Now you can clearly see the tradeoff:
The 5-email cadence generated an additional $70,000
But it also resulted in 7,778 additional unsubscribers
One of these outcomes is clearly positive (more revenue), and one is clearly negative (losing more subscribers).
The key question is:
Is the combined effect overall positive or negative?
Step 5: Calculate the Value of a Subscriber
To evaluate the combined impact, you need to calculate the value of a subscriber — since the 5-email group lost more subscribers.
We recently published an article explaining this methodology in detail, which you can find here:
Important: Define the Time Period
When calculating revenue per subscriber, it’s essential to define the time window.
For example, if you compare revenue per subscriber for users who subscribed in November 2024 vs November 2025, the November 2024 cohort will almost always show higher revenue simply because they’ve had more time to purchase.

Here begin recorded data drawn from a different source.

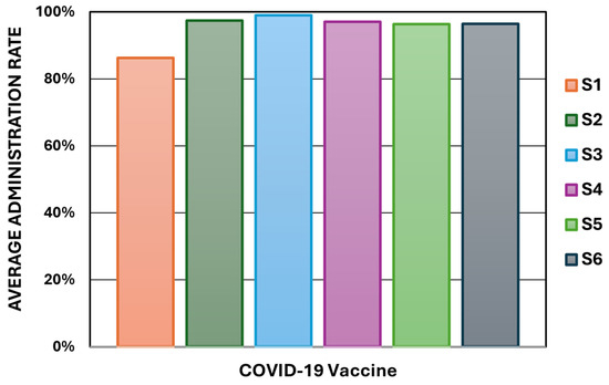 Examining the average administration rates (AAVG), the results presented in Figure 7 highlight the potential improvements that blockchain (BC) technology can introduce to the distribution system. The BC module consistently achieves higher average administration rates across all inventory management policies compared to the AS-IS scenario. Notably, the lot-for-lot method (S3) attains the highest average, despite its higher associated costs. It is also noteworthy that all stock policies, except the AS-IS model, demonstrate superior performance in terms of the number of vaccines effectively administered relative to the doses delivered. The best performance is observed in the lot-for-lot policy, which, as previously mentioned, excels in responding to demand fluctuations. By effectively mitigating demand variance in deliveries, this approach enhances the efficiency of vaccine administration. Once again, the most resilient policy—particularly in terms of maximising the number of doses effectively administered—is the lot-for-lot method, as it ensures the most effective response to demand variability.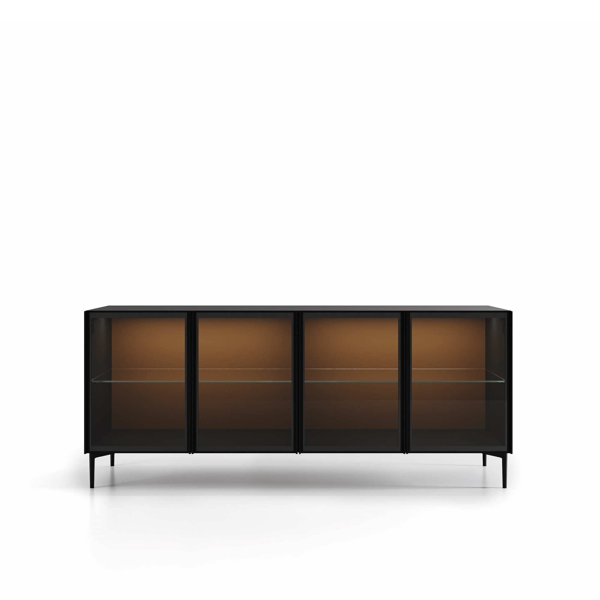 Depending on your needs you can choose Glass Up sideboard with two, three or four glass doors with a plain transparent finish, or still transparent but with gray or bronze coloring. The shelves are made of glass or, upon request, of wood and can be accessorized with a bottle holder element, drawers and LED lights, as well as with the inner lining of the back in regenerated hard leather.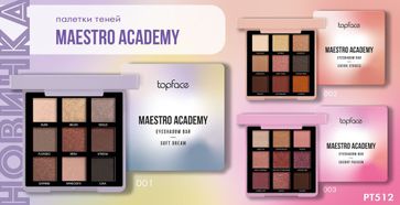 - Topface Палитра теней для век 9-цветная РТ512 Maestro Academy Eyeshadow Bar в каталоге Декоративная косметика в России;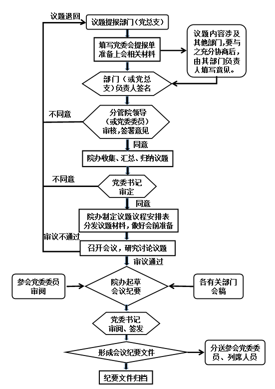 1.凡提交党委会讨论的议题,各主办的系部、处室、直属科必须做好充分调研,若涉及协办部门事先要进行充分协商,重大事项应有充分论证。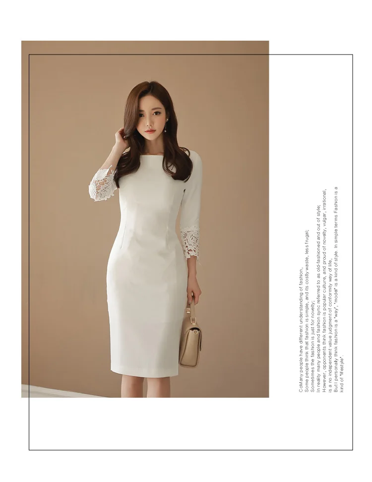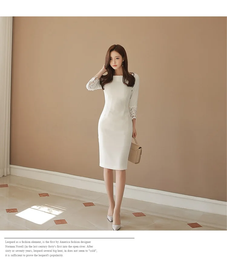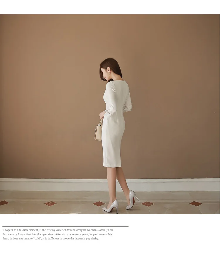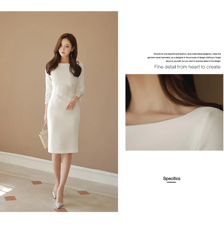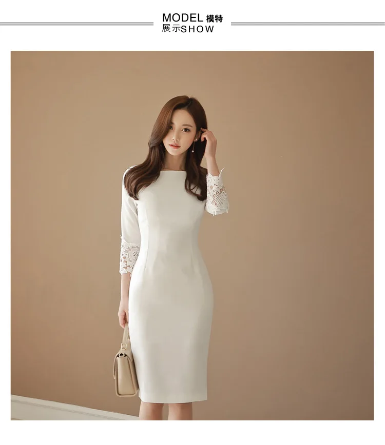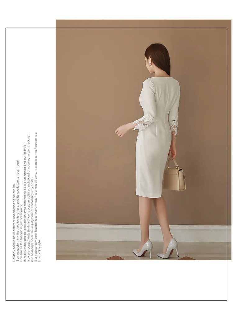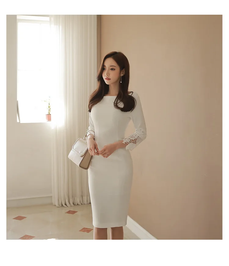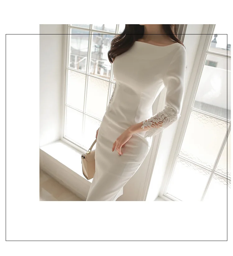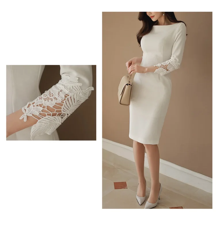 Женское кружевное лоскутное платье, белое офисное платье для весны и осени 2020, однотонное винтажное облегающее платье знаменитости, AQ103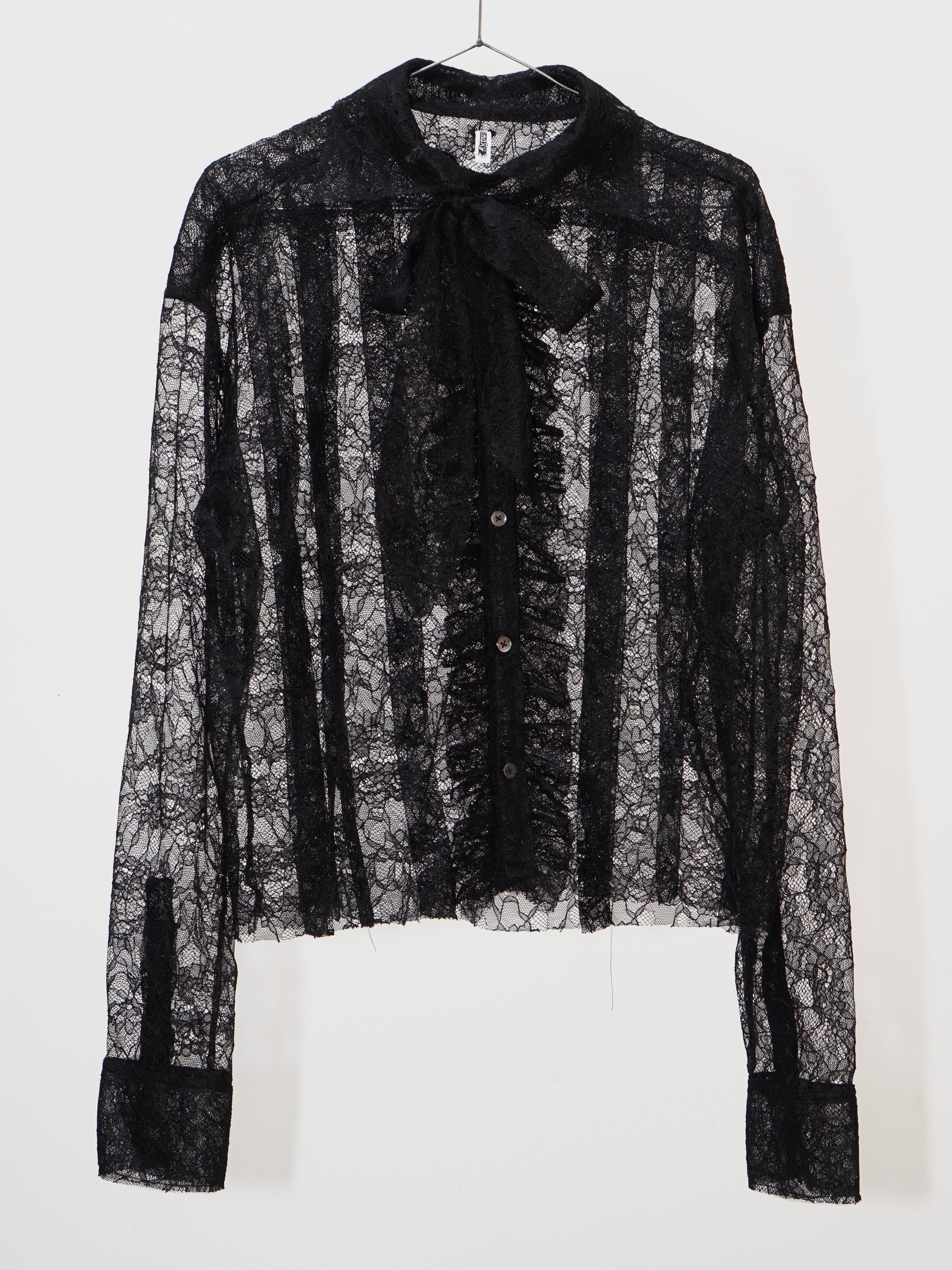 上品なレース素材のリボンタイblouse。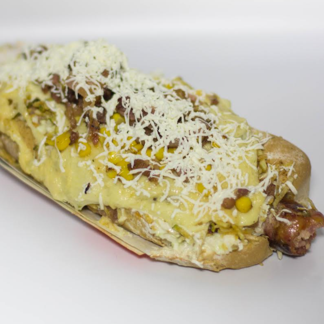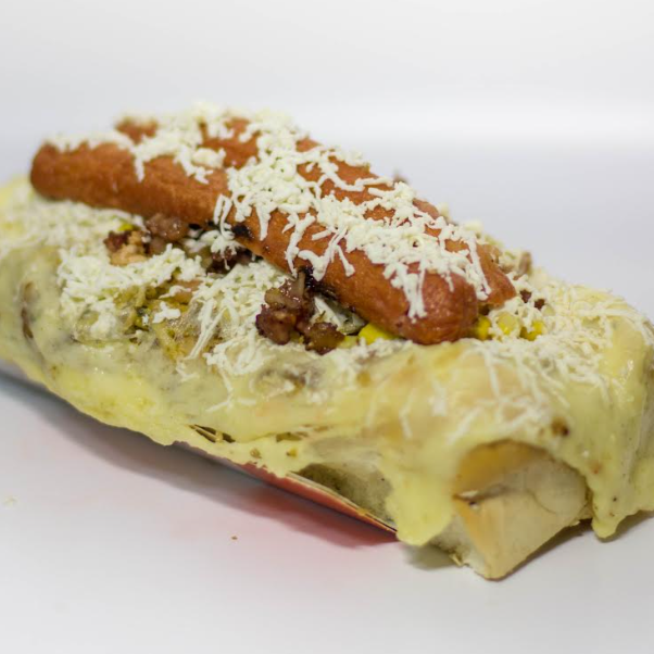 Panecillo artesanal, chorizo tradicional, ensalada de repollo, tocineta, ripio de papa, queso mozzarella y queso rallado con maicitos y nuestra deliciosa salsa de ajo de la casa.

To ensure a fair, apples-to-apples comparison, you should evaluate subscribers over the same post-subscription timeframe — for example:
✅ Revenue generated in the first 12 months after signup
Example: Revenue per Subscriber (First Year)
Let’s say you want to calculate the average revenue per subscriber within one year of subscribing.

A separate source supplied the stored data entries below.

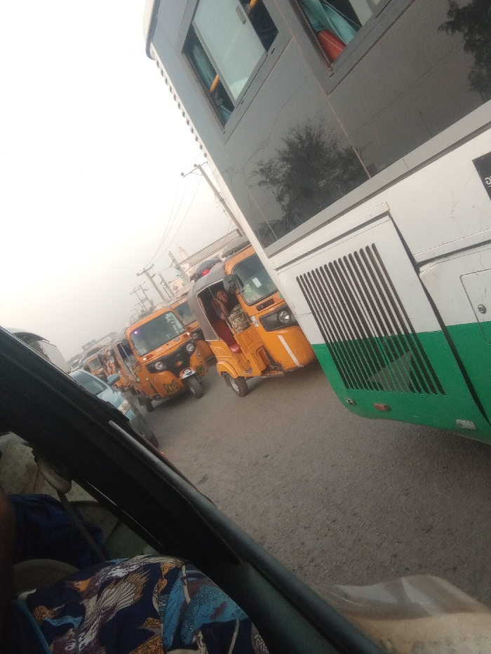 A hazy street scene shows a line of yellow auto rickshaws, or "tuk-tuks," in traffic. A large bus, predominantly white with a green stripe, partially obscures the view on the right. The perspective is from inside another vehicle, with the frame of the window and fabric-covered seat visible in the foreground. Power lines and buildings appear in the background, adding to the urban setting.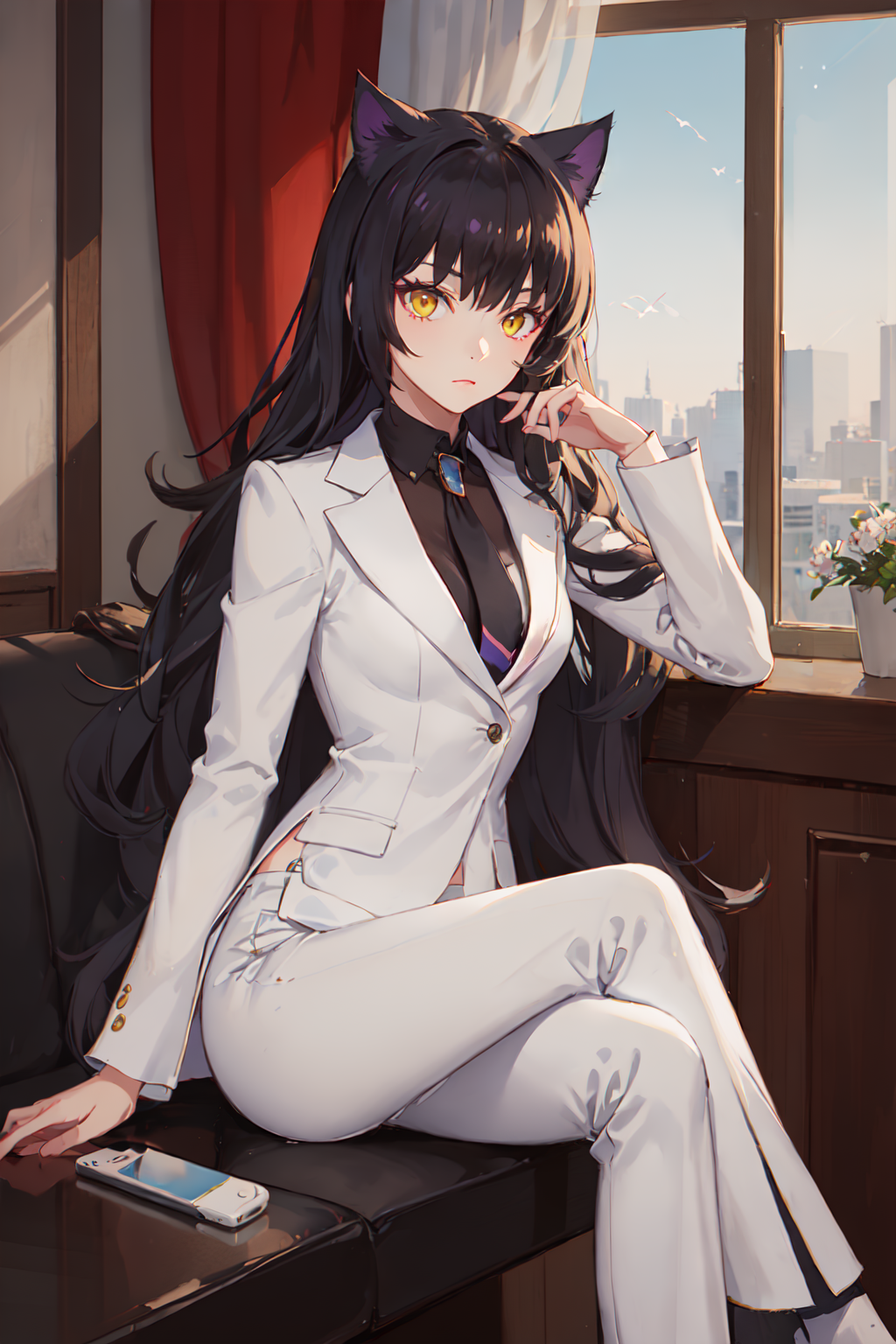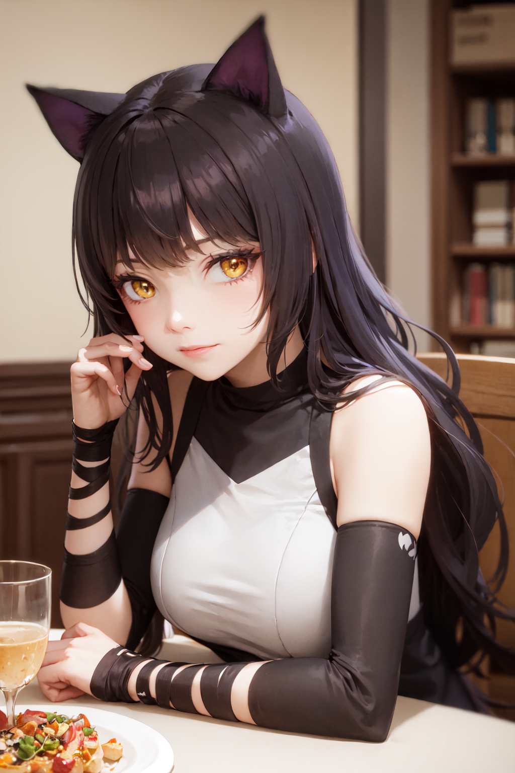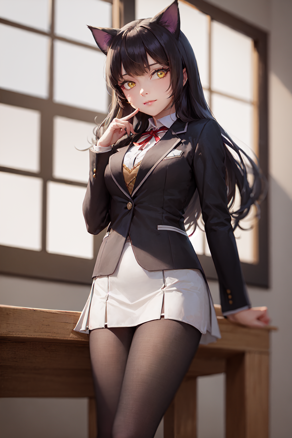 She wears a black hair bow to hide her cat ears. (Don't put these prompts together.)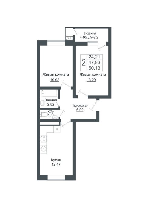 Продается 2-х комн. новостройка, 50.13 кв.м., 9/16 эт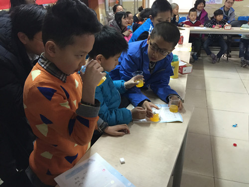 老師將事先調配好的果汁和從市場購買的果汁讓家長和小朋友們用感官來鑒別,猜錯的還真不少。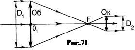 Угловое увеличение в трубе Кеплера Чтобы связать увеличение трубы Г с фокусными расстояниями объектива f об и окуляра f ок, рассмотрим ход лучей между линзами (рис.70). Так как изображение Y 2 находится практически в точке F об2 на расстоянии от объектива f об, то, как следует из треугольника В 2 О 1 F, 5.

First, select subscribers who joined your list more than one year ago.
Since we’re writing this article in February 2026, we could select subscribers who joined between:
February 2024 – January 2025
Let’s assume you gained 300,000 subscribers during that period.

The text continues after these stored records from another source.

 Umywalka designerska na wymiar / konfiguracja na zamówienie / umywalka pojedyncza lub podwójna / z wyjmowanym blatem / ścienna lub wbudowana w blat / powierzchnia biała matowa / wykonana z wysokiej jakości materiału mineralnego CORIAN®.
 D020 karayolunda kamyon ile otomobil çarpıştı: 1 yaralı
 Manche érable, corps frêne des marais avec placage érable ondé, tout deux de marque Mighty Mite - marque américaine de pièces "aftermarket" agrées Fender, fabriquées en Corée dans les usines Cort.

Now calculate how much revenue those subscribers generated within their first year after subscribing.
Let’s say that number is:
$5,730,000
Now divide revenue by subscriber count:
$5,730,000 / 300,000 = $19.10
So your average revenue per subscriber (within 1 year) is:
✅ $19.10
Step 6: Calculate Incremental Revenue per Subscriber
At this point, you might say:
“Even if these people weren’t subscribed, they still would’ve made some purchases — so we wouldn’t lose the full $19.10 per unsubscribe.”
And you’d be right.
That’s why we need to estimate the incremental value of an email subscriber — meaning the portion of revenue that can realistically be attributed to email marketing.
How to Estimate Incremental Value
A common approach is comparing:
LTV of customers subscribed to email, vs
LTV of customers not subscribed to email
A quick (but imperfect) method is dividing customers into two groups and comparing their LTV.
However, subscription status can change over time:
A customer might subscribe, unsubscribe, resubscribe, etc.
If you want a more accurate report that accounts for this, feel free to reach out — we’d be happy to consult you on how to structure it correctly.
In any case, your analysis will usually result in a table similar to this:
Let’s assume your analysis shows:
Customers subscribed to email have a 24.2% higher LTV than customers who are not subscribed.
So we can estimate that:
Average revenue per subscriber (1 year): $19.10
Incremental lift from email: 24.2%
Incremental revenue per subscriber:
$19.10 × 0.242 = $4.62
Meaning:
✅ Each unsubscribe costs you ~$4.62 of incremental revenue over the next year
Step 7: Put It All Together
Now we know:
Switching from 3 to 5 emails/week generates $70,000 more revenue
But it also creates 7,778 additional unsubscribers
Each additional unsubscribe costs $4.62
So the lost value is:
7,778 × $4.62 = $35,934
Net gain:
$70,000 − $35,934 = $34,066
So even after accounting for churn, the higher cadence still produces:
✅ +$34,066 per month in net value
Step 8: Repeat the Process
Now that you’ve learned that 5 emails per week is more profitable than 3, you can repeat the same process to test:
5 vs 7 emails/week
7 vs 10 emails/week
different content styles
different promotional vs editorial mixes
The best part is that this framework applies to almost any email marketing test focused on strategy, not just isolated tweaks within a single campaign (such as testing different subject lines).